The global payment giant Visa has made an application at the U.S. Patent and Trademark Office (USPTO). Mainly with the goal of creating and having your digital currency based on a blockchain.
While the US dollar is mentioned as one of the fiat currencies to be used for this project, Forbes reported that the patent could also apply to other currencies such as the pound, yen and euro.
Investors Simon J. Hurry and Alexander Pierre of the International Visa Service Association in San Francisco finally filed a patent for a digital currency that is engraved on a blockchain and controlled by a central computer.
The application was published on May 14, but filed in November 2019.
It contains two records::
- Visa creates a digital currency for a par value based on a public key associated with a digital wallet.
- Taking the physical currency out of circulation in a Fiat system.
J. Christopher Giancarlo, chief lawyer of Willkie Farr and Gallagher and former chair of the US Commodity Futures Trading Commission.

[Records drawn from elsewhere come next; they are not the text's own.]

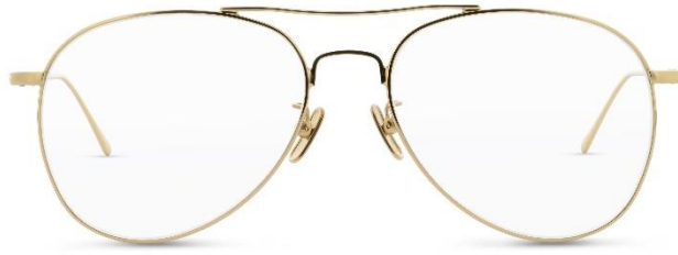
Lunor Aviator P2 II GP | UVP: 380,- €
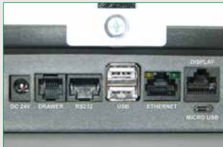
Ampia disponibilità di connessioni
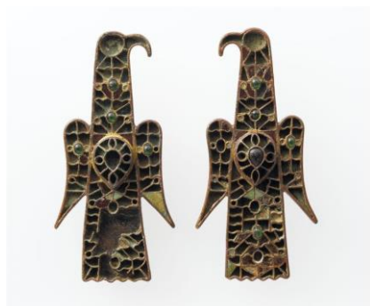
fibules du trésor de castelsagrat VI s

http://www.musee-moyenage.fr/collection/oeuvre/vitrail-de-saint-timothee.html
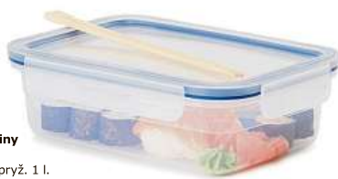
IKEA 365+, dóza na potraviny s víkem. 69,- Plast, silikonová pryž. 1 l.
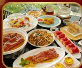
อาหารระดับ มิชลิน TAO TAO JU

The United States commented on the USPTO visa patent:
“This patent application is proof that the private sector is working hard on the future of money.”
The Visa Digital Currency Summary
- Receiving a request for digital currency through a central office computer. The application contains a serial number and a face value of a physical currency.
- The generation includes the registration of the digital currency in a blockchain.
- The central office computer sends a notification of the generation of Visa digital currency.
- This computer causes the removal of the physical currency from circulation in a Fiat currency system.
Visa marks a course on using cryptocurrencies
Visa has already made important announcements to keep an eye on cryptocurrencies and the blockchain ecosystem. Last year he was originally announced as a member of the new Libra Association founded by Facebook until he retired in October.
In addition, Visa announced entry into the cross-border business-to-business (B2B) market in June 2019. Above all, using distributed accounting technology to make payments faster, cheaper, and more transparent.
Similarly, Visa announced in February this year that it had granted Coinbase approval. This would allow them to issue a debit card on which people could spend their cryptocurrencies.
As stated by a Visa spokesman::
“They respect intellectual property and we are actively working to protect our ecosystem, our innovations and the Visa brand in this world of digital currencies.”
Although Visa is one of the main advocates of the traditional financial system, it is a passionate advocate of emerging technology, and blockchain in particular.
Will Visa be able to run where the scales have failed and will it have its own digital currency?